This request, submitted Wednesday, stems from Giuliani’s ongoing defamation despite a prior injunction forbidding him from making such statements, Forbes reports.
A federal judge has ordered Giuliani to respond by December 2, with a hearing set for December 12.
On Thursday, Rudy Giuliani challenged the judge’s ruling from last month, which required him to hand over most of his assets to the two Georgia election workers, per a news report by The Hill.
In May, Giuliani agreed to stop making false allegations related to the 2020 election and its results.
Now, the election workers are seeking sanctions against Giuliani after he failed to honor the terms of this agreement, continuing to falsely accuse Freeman and Moss of wrongdoing, including baselessly claiming that they had “quadruple counted” ballots—a claim for which there is no evidence,
Giuliani allegedly doubled down on his false claims during his online show last week, defiantly shrugging off the threat of another lawsuit. He declared, “What am I going to do but tell the truth?” Forbes writes, quoting Giuliani.

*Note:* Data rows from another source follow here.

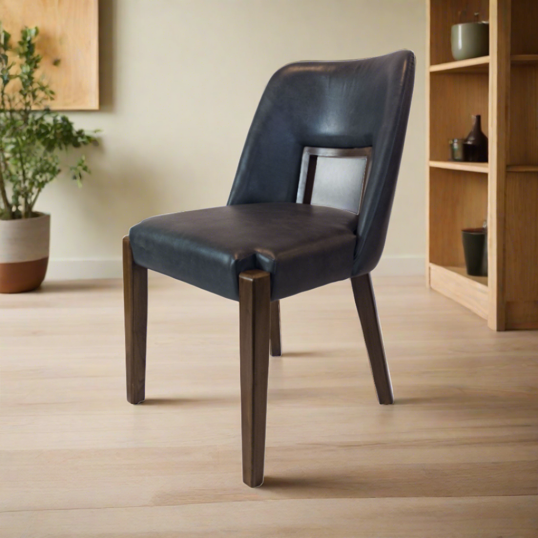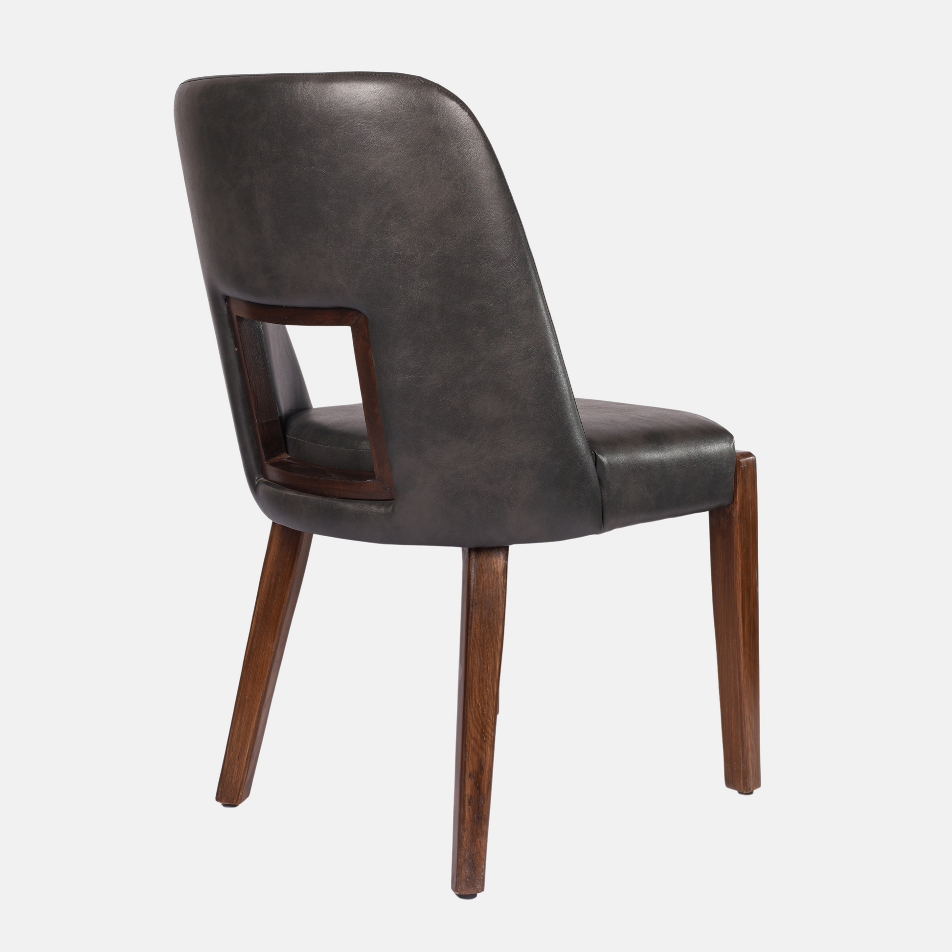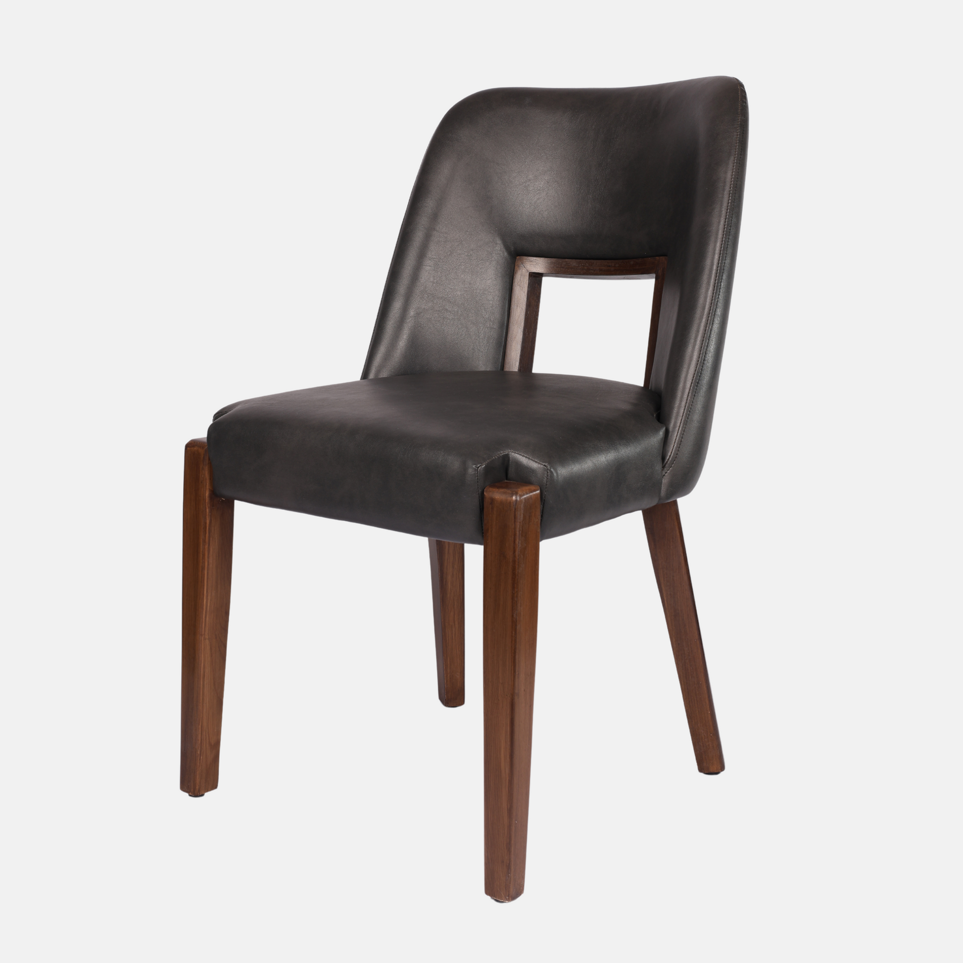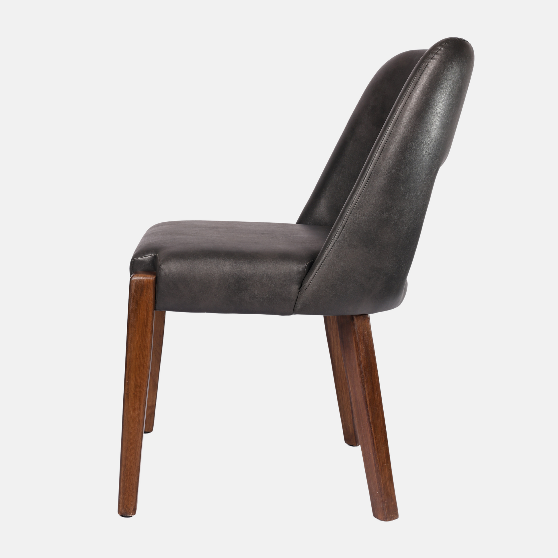 Elevate your dining experience with May, the epitome of modern luxury. This upholstered dining chair with wooden legs showcases an angled back for ultimate comfort while adding a sleek touch to your space. Perfect for sophisticated dining at home or a high-end restaurant.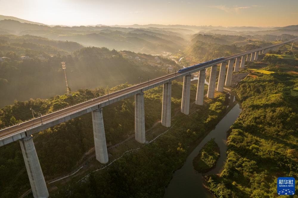 8月31日,一列動車組在晨曦中經過位于貴州省獨山縣郊外的貴南高鐵銀坡河特大橋(無人機照片)。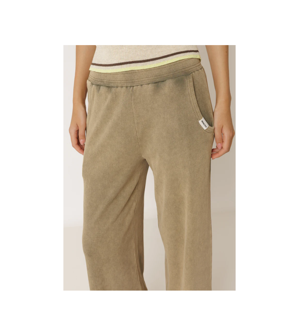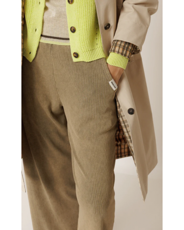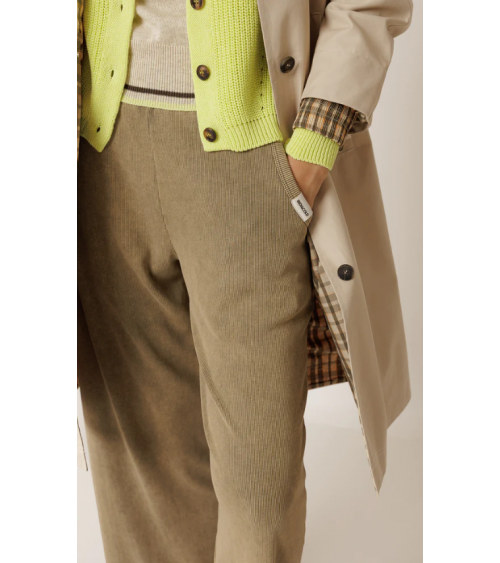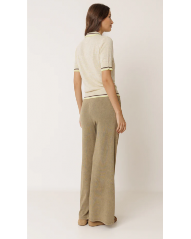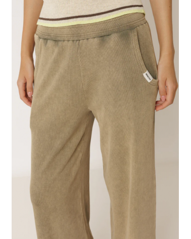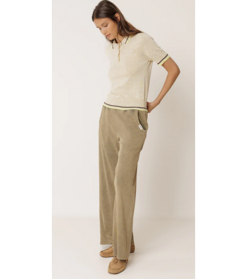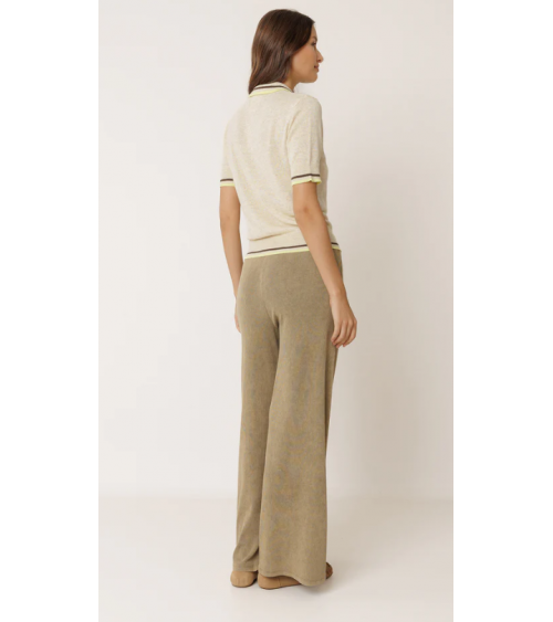 Pantalón khaki tiro alto cintura elástico interior pierna ancha INDI&COLD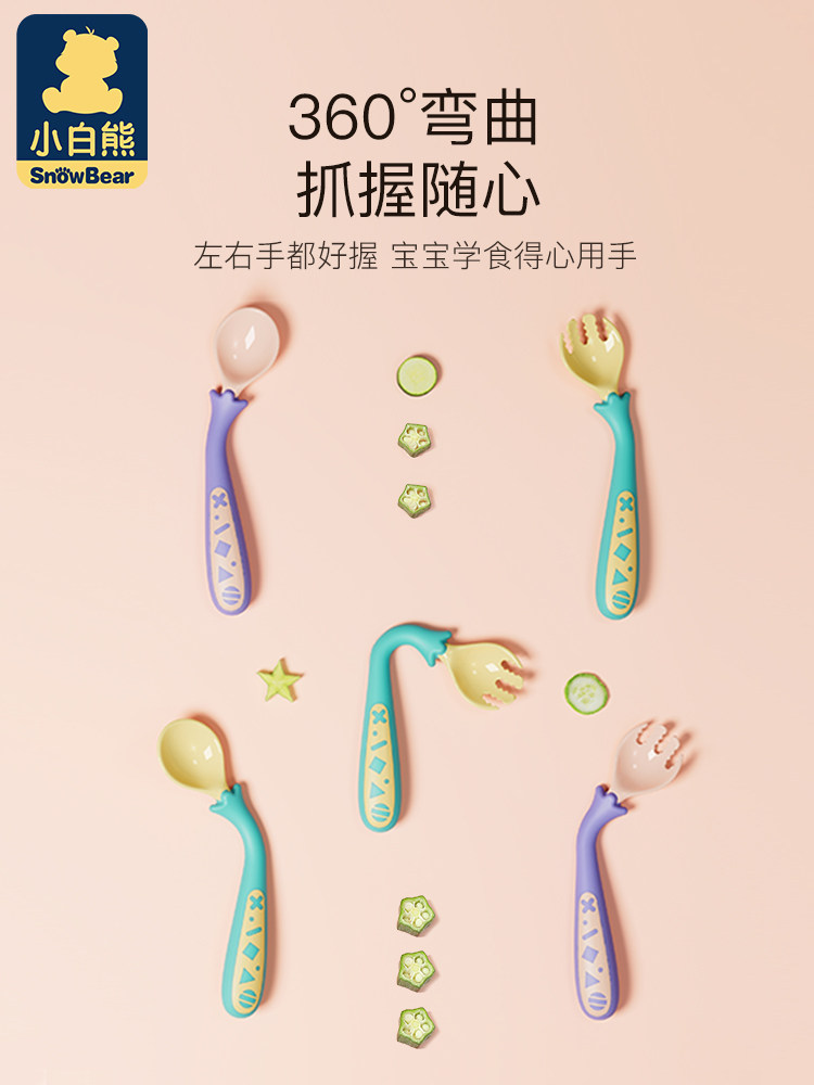 小白熊 Детская ложка для еды для тренировок для прикорма, посуда для кормления, комплект

These statements directly violate the court order he had previously agreed to.
As a result of Giuliani’s defamation, he was ordered to pay Freeman and Moss $148 million.
However, after declaring bankruptcy, he has been forced to begin turning over his assets to satisfy the judgment, including his car and New York City apartment.
Freeman and Moss are now asking the court to enforce penalties on Giuliani, potentially including further damages.
Giuliani’s spokesperson, Ted Goodman, has called the motion an attack on Giuliani’s First Amendment rights, insisting that he should be able to defend himself, Forbes adds.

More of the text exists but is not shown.